In the absence of spare cash to buy papers, the shoddy state of local newspapers, and the restrictions imposed on media operations, people get inventive. Kubutana stays afloat using a variety of techniques which employ both technology and people’s ability to talk to each other face to face.  They’ve changed the way milions of people vote in Zimbabwe. They provide a symbolic and actual hub for information.  Still it’s the life on the  street that is important, the constant mingling, chatting and gossiping that keeps the public sphere alive, with a few exceptions.

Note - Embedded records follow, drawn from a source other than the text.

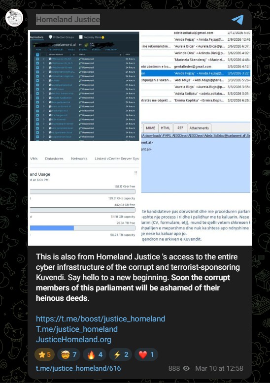“Kjo është gjithashtu nga qasja e Homeland Justice në të gjithë infrastrukturën kibernetike të Kuvendit të korruptuar dhe sponsorizues të terrorizmit. Përshëndetje një fillimi të ri. Së shpejti anëtarët e korruptuar të këtij parlamenti do të turpërohen për veprat e tyre të urryera”, shkruhet në postimin e Homeland Justice në Telegram.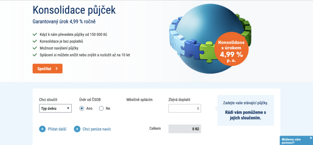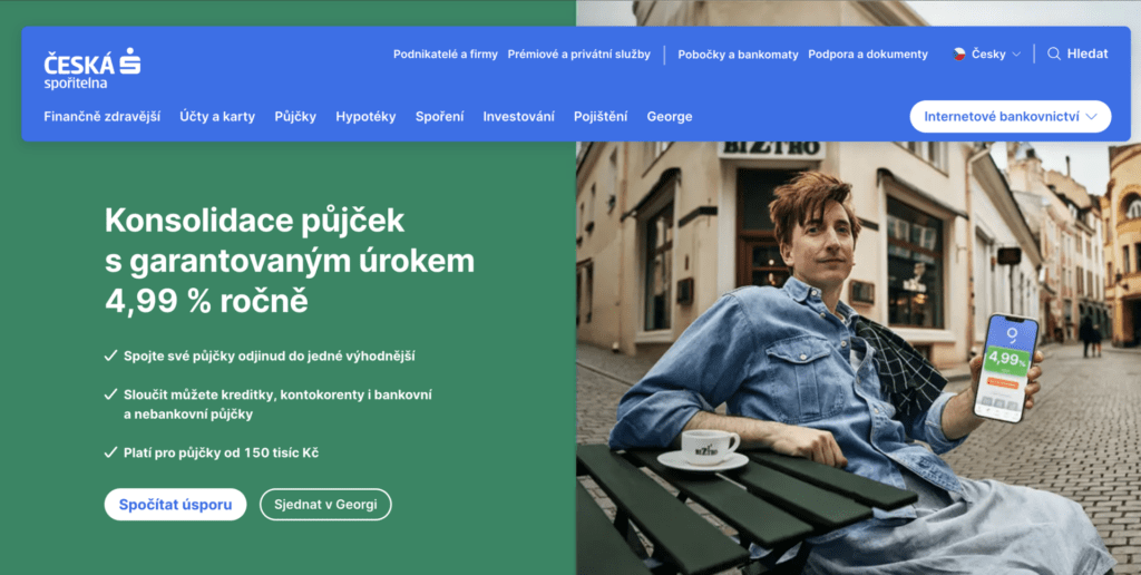 • Česká spořitelna – konsolidace slučující bankovní i nebankovní úvěry, kreditky a kontokorenty; při řádném splácení odpouští vybrané splátky; sjednání přes aplikaci George; splatnost až 120 měsíců.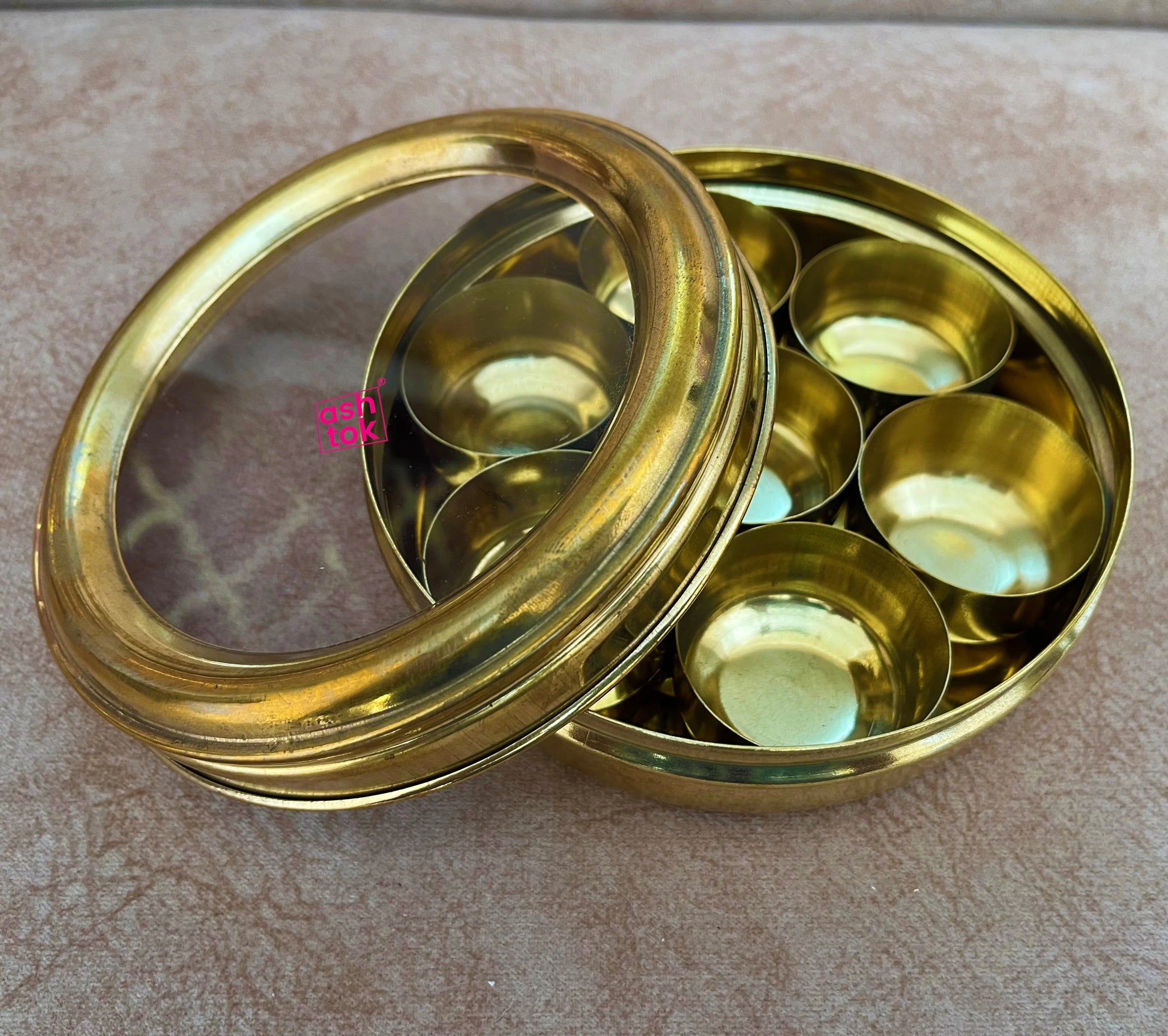 Brass Masala Dabba With Glass Lid, Spice Box, Storage Box with 7 Cup Bowls

In this context, the Zimbabwean market traders and street vendors are essential. They know stuff. They see it with their own eyes and they constantly have a stream of people to interact with: at a micro level they are intellectual hubs. When the licencing system of street fruit vendors forced Tunisian Mohammed Bouazizi to burn himself to death, Zimbabwe’s street traders clocked it.

In January 2012 in Harare, several police officers were left injured during clashes involving removing street vendors from central areas. The Zimbabwean reported that two vendors had to be hospitalised after being tortured by police, and two reporters from the local newspaper the Daily News were detained by police.  But they didn’t give reasons, context or views of those involved. Although the protests are a long way from sparking a revolution in Zimbabwe, the determination of vendors to fight for their livelihoods is a sign that people will speak out.

Street vendors, like many in Africa, are living a hand to mouth existence, often moonlighting several jobs, and the licencing system is a well-known ploy of governments here in the region to “clean up” their unsightly presence- particularly when there’s foreign dignitaries visiting, or an African Union delegation. Even streets get renamed.  It’s all about looking good, yet paradoxically street vendors are essential for the large majority’s needs. They only exist because of the numerous trade agreements the Zimbabwean government has signed with the Chinese to ensure there’s a steady flow of buckets, washing up bowls, plates and radios, which of course local people need, want, and it’s all they can afford. But still Zimbabweans are ambivalent and disparaging “We want real money, not zhing-zhong,” taxi driver Jourbet Buthelezi, referring to the pejorative term Zimbabweans use for sub-standard Chinese goods.